I'll be adding some mixed nuts in there too now!

I wonder how cashews will turn out... the oil on those should really suck in the flavor.


----------



## poopypuss

Wow. it just clicked... pectile on cheese...that makes perfect sense.


----------



## SmokinAl

You could smoke butter with the AMNPS in 45 degree temps!


----------



## poopypuss

SmokinAl said:


> You could smoke butter with the AMNPS in 45 degree temps!


If I freeze it first...

I'll post pics.


----------



## mballi3011

I use a single hot plate and wood chunks. I can get smoke at about 70° with it almost that high outside.


----------



## venture

Most of my cheese smokes are done in fall, winter and spring.

I have done soft cheeses with no problem with the AMNS.

In summer, I have to smoke in the wee hours of the morning for cheese, and soft cheeses are out of the question.

Freezing cheese prior to smoking just doesn't sound right to me?

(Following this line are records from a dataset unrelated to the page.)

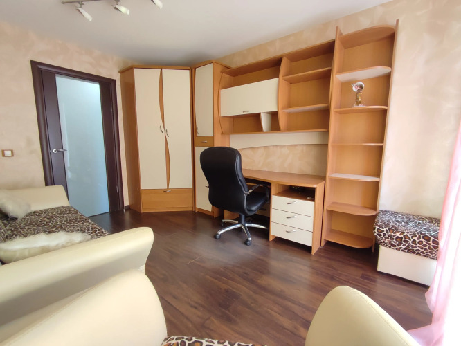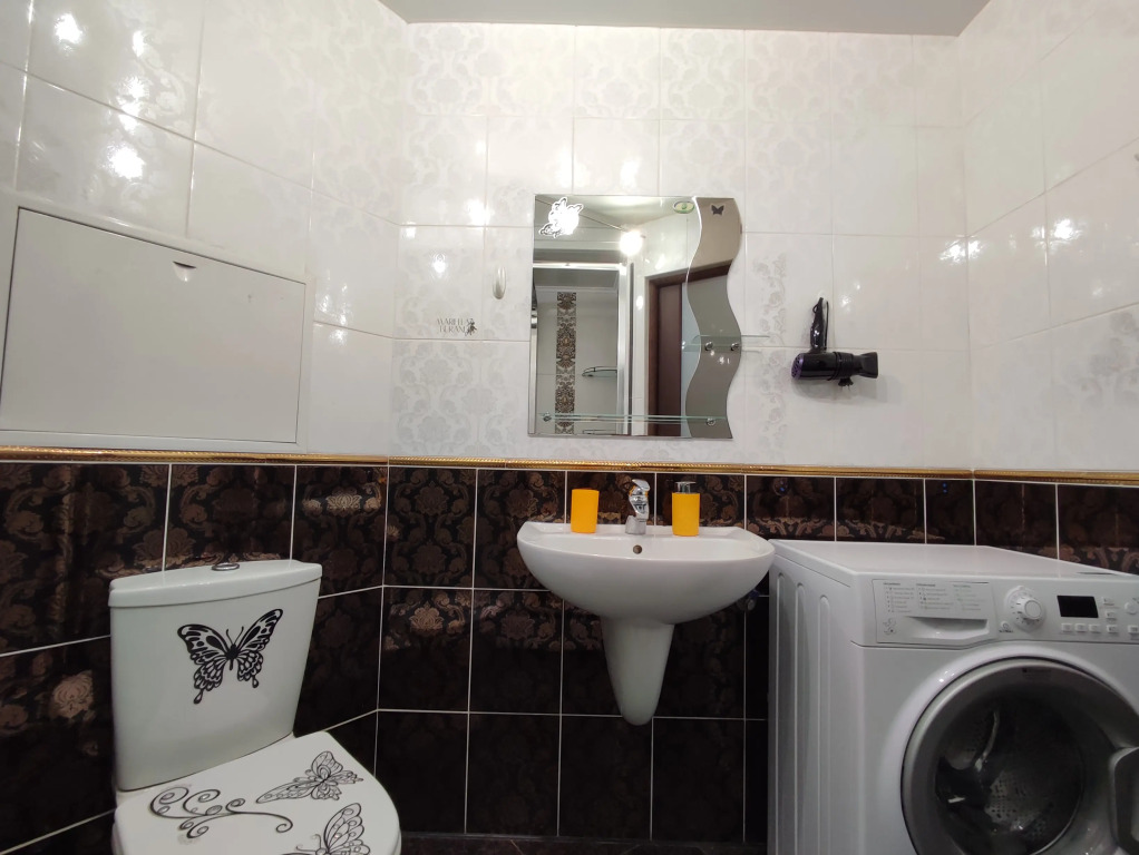 В апартаментах 6 спальных мecт: двуспальная кровать и два paскладных дивана. Для гостей имеется: телевизор c пpистaвкой, оборудoваннaя кухня, посуда, посудомойка, бытовая техника, утюг и гладильная доска, стиральная машина, фен, постельное бельё и полотенца.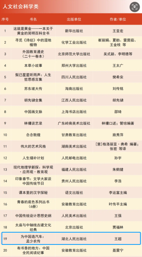 本次评选秉承邹韬奋先生“竭诚为读者服务”的出版精神,严格遵循专业标准,采取“专家指导、大众做主”推荐机制,对参评图书进行多方面综合评估,《为中国造汽车:孟少农传》为全国100种获选“韬奋好书”的图书之一。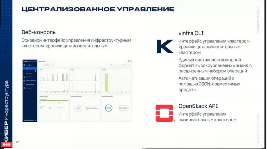 Infrastructure is managed in various ways. For this, there is the main tool - a web interface, a command line, the so-called vinfra CLI interface and also the OpenStack API, the OpenStack software interface. The Web console is the main visual interface for managing the compute cluster and the storage cluster. Through the Web console, server management, networks, users, self-service, roles, security, etc. are available.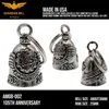アメリカ製ガーディアンベル社製ガーディアンベルです。 MADE IN USA アメリカ製 交通安全 魔除け 御守り ガーディアンベル アメリカのライダーの間には、事故や、転倒の原因は「道路にひそむ悪魔」によるいたずらだという伝説があります。悪魔は走る者に悪戯やトラブルを運んできます。このベルは美しい音色で悪魔たちを追い払うと言われ愛されています。そんな悪魔のいたずらを防ぎ、御守りとなるのが、守護者のベルという意味を持つガーディアンベル。 日本でも鈴の音(ね)は神道では魔除けの音と言われています。ピューター製の鈴でいい音色でガーディアンベルはデザインも様々あります。 またガーディアンベルにまつわる伝説として、プレゼントとして送られたベルの効果は、自分で手に入れたものの2倍になると言われています。 それゆえに彼氏・彼女・友達・家族へのプレゼントとしての人気も非常に高まっています。 シルバーアクセサリーのようにおしゃれに装着できて素敵な音色を奏でるガーディアンベル。 バイカー以外にも自転車や旅・交通安全のお守りとしてお使いいただけます。 カバン・ランドセル・キーホルダー・ペットの首輪等に付けてお使いください!! ※タイラップ等でバイクのフレームにも簡単に取り付けできます。 アメリカンモデルだけではなく、旧車ファン、レプリカライダーまで、さらにバイクだけでなく、自転車や車にもピッタリな御守りとなっています。 アクセサリーとしても人気で、アイディア次第で車体だけでなく、キーホルダーや鞄など、どこにでも付けておしゃれに楽しめます。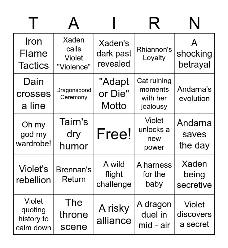 This bingo card has a free space and 37 words: Violet rides Tairn, Battle Briefing, Liam's Sacrifice, Dragonsbond Ceremony, Xaden being secretive, Brennan's Return, "Adapt or Die" Motto, A Griffin Encounter, A shocking betrayal, Violet and Xaden sparring, Tairn's dry humor, Rhiannon's Loyalty, Violet discovers a secret, Andarna saves the day, Dain crosses a line, Violet's rebellion, A shocking twist, Xaden's dark past revealed, A wild flight challenge, Violet unlocks a new power, Iron Flame Tactics, Andarna's evolution, Violet quoting history to calm down, A risky alliance, Violet's chronic pain, A dragon duel in mid - air, Xaden calls Violet "Violence", Violet mastering a new skill, Oranges, Andarna being too sassy, Lilith is a jerk, The throne scene, Oh my god my wardrobe!, Ridoc taking nothing seriously, A harness for the baby, Cat ruining moments with her jealousy and Outsmarting the obstacle course.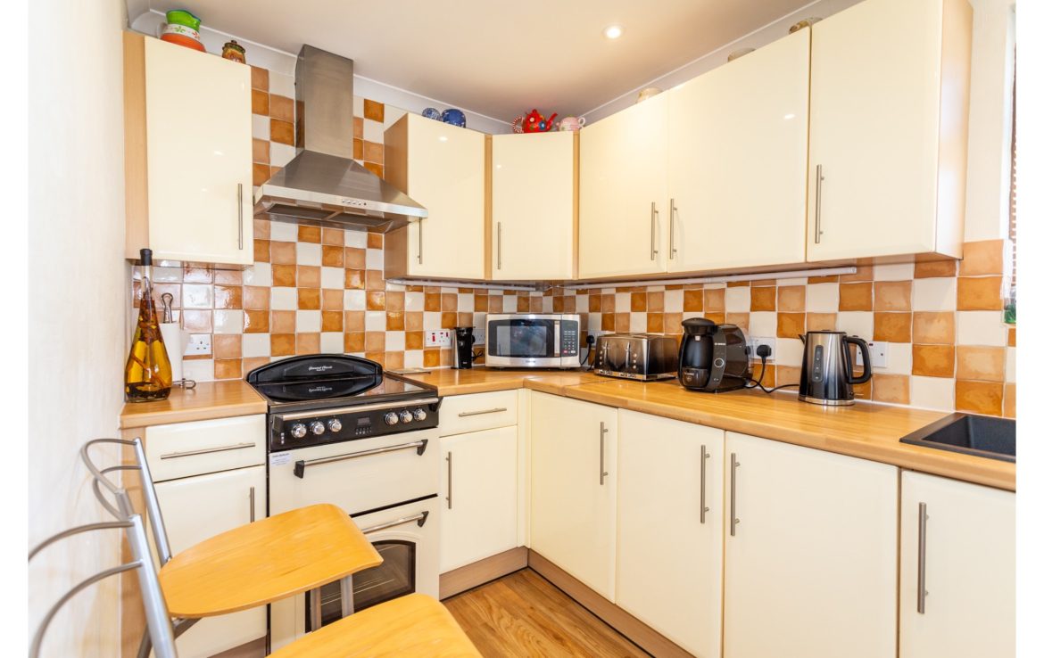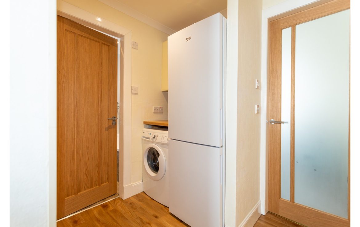 Kitchen has electric twin oven with grill, fridge freezer, washing machine, tumbler dryer, dishwasher and microwave.

Actually with some cheeses, freezing will turn the texture crumbly?   But try it and let us know?

Good luck and good smoking.


----------



## scarbelly

poopypuss said:


> Thanks!
> 
> I'll be adding some mixed nuts in there too now!
> 
> I wonder how cashews will turn out... the oil on those should really suck in the flavor.




My personal opinion is that nuts are much better hot smoked. I have done them both ways and the heat seems to open the nuts to absorb the spices and the smoke better.  You can add some kosher salt,  and some tomato and onion slices with the cold smoke to. Just make sure the cheese and salt are above the veggies


----------



## jjwdiver

I'm in constant 80 degree and do goat cheese quite often. I have resorted to placing it in a foil pan and breaking it apart for the smoking. I then put "packages" together in the food vacuum bags. Guess I could measure it but I dont care if one has more than the other...just squishes together.  When I open it, I just plop a small "butter" knife on the plate next to it and have at it.

Smokes real easy and takes on great flavor!   Cant speak to the velveta stuff, but same could apply using the foil pan.

John


----------



## poopypuss

Well, the AMPS came yesterday, and today it's being put to it's first test!
	

		
			
		

		
	







I followed directions for seasoning it, and well, the grill had to be turned on so some Mexican Grilled Cheese and Shrimp went with it







That's in a different thread

Next the cheese:







I went easy since this is the first time:

1 lb each of Mozzerella, Pepper Jack, Sharp Yellow Cheddar, New York Sharp White, and Jack

A block of Cracker barrel Aged Reserve, or Foot Cheese as my daughter calls it, and about of Amish Yogurt Longhorn I had in the fridge







Into the Smoky Mountain







Thin blue smoke.

It's maintaining at 53 a half hour into the smoke.

More to come.


----------



## scarbelly

Looking good so far - keep the qview coming


----------



## poopypuss

Will do!


----------



## teeznuts

You'll be hooked in 2 weeks when you get to eat this stuff.


----------



## poopypuss

2 hours in..1 row in the AMZNPS, 65 top temperature... but it still looks a little light to me, so I'm going to fill another row, and go for 4 hours.


----------



## graystratcat

Four hours is usually what I do for cold smoked cheese.  Really depends on the ambient temps and the temp inside the smoker.  Running your smoker a little hotter, say around 70-80* instead of 40-50* seems to give the cheese a darker color after about 4 hours in my VHO.

-Salt


----------



## poopypuss

I'm just running on the AZNPS, but it's doing great.


----------



## poopypuss

Funny how I lose letters the more Yuengling Lager goes in my gut...


----------



## poopypuss

Here's the results!







Looking at it now, I did get a nice color.

When I took it off, I didn't think I did.

I gotta give props to Todd, the AMNPS is awesome.

now the hard part... 2 weeks of pain.

but, the pieces that "fell off" were great!


----------



## scarbelly

That turned out great. The two weeks will go quickly if you just smoke something else


----------



## poopypuss

And there's the extra part that cooked while I was waiting for the cheese...


----------



## poopypuss

Scarbelly said:


> That turned out great. The two weeks will go quickly if you just smoke something else




Bacon is coming... but if I buy bellies tommorow, I won't be smoking those for at least a week...or 2, but then, meat doesn't spoil when it's curing, and I have a 2# pack of pellets that came with the AMZPS, and a stainless locker that was a 1/s finished chamber!


----------



## teeznuts

nice color on that cheese


----------



## venture

Looks great!

We are running low, so I am setting up the AMNS as we speak!

Good luck and good smoking.


----------



## sprky

. I have smoked cream cheese. it got kinda soft but not runny. put it on a piece of screen to smoke and put the whole deal in fridge b4 i removed it.


----------